=== Section Start ===

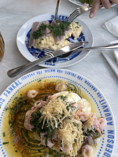 Read moreLast time I was here I wasn’t too satisfied (had some kind of fried fish with curry sauce) but this time around I really understood the hype of this place. I had the butter shrimp and the eel, and my god the butter shrimp was so delicious that I honestly couldn’t stop munching this done until nothing was left. The eel was also just so good, creamy scrambled eggs that accentuated the simple and bold flavors of the eel. I think this really is the peak of Nordic cuisine: because I agree, there aren’t a lot of spices in this, and in most cases that is a very disappointing experience, but once you get those incredible ingredients and things cooked to perfection, it becomes a bit similar to Japanese cooking where you just let the main ingredients and cooking techniques speak for themselves. While having this amazing food, if you’re here in summer, you get this amazing view from a hill of the sky burning into a myriad of warm colors that especially makes that beer...
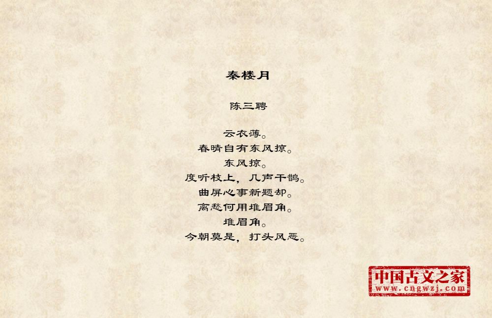 陈三聘,宋代诗词家。约公元一一六二年前后在世。字梦弼(或写作“?”),南宋吴郡(今苏州)人。生卒年均不详,约宋高宗绍兴末前后在世。生平事迹无考。工词,
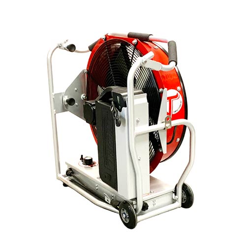 The VS-1.2 delivers effective positive pressure ventilation via its variable-speed, battery-powered motor. Its compact design and folding handle allow for quick setup, controlled positioning, and efficient maneuverability in confined spaces. The blower is suitable for interior smoke removal, overhaul ventilation, and situations requiring rapid airflow deployment and mobility.

=== Section End ===

### WORK INSTRUCTIONS
Put each line of the listing above into the copy exactly, dropping the pictures.

### TASK RESULT
 Read moreLast time I was here I wasn’t too satisfied (had some kind of fried fish with curry sauce) but this time around I really understood the hype of this place. I had the butter shrimp and the eel, and my god the butter shrimp was so delicious that I honestly couldn’t stop munching this done until nothing was left. The eel was also just so good, creamy scrambled eggs that accentuated the simple and bold flavors of the eel. I think this really is the peak of Nordic cuisine: because I agree, there aren’t a lot of spices in this, and in most cases that is a very disappointing experience, but once you get those incredible ingredients and things cooked to perfection, it becomes a bit similar to Japanese cooking where you just let the main ingredients and cooking techniques speak for themselves. While having this amazing food, if you’re here in summer, you get this amazing view from a hill of the sky burning into a myriad of warm colors that especially makes that beer...
 陈三聘,宋代诗词家。约公元一一六二年前后在世。字梦弼(或写作“?”),南宋吴郡(今苏州)人。生卒年均不详,约宋高宗绍兴末前后在世。生平事迹无考。工词,
 The VS-1.2 delivers effective positive pressure ventilation via its variable-speed, battery-powered motor. Its compact design and folding handle allow for quick setup, controlled positioning, and efficient maneuverability in confined spaces. The blower is suitable for interior smoke removal, overhaul ventilation, and situations requiring rapid airflow deployment and mobility.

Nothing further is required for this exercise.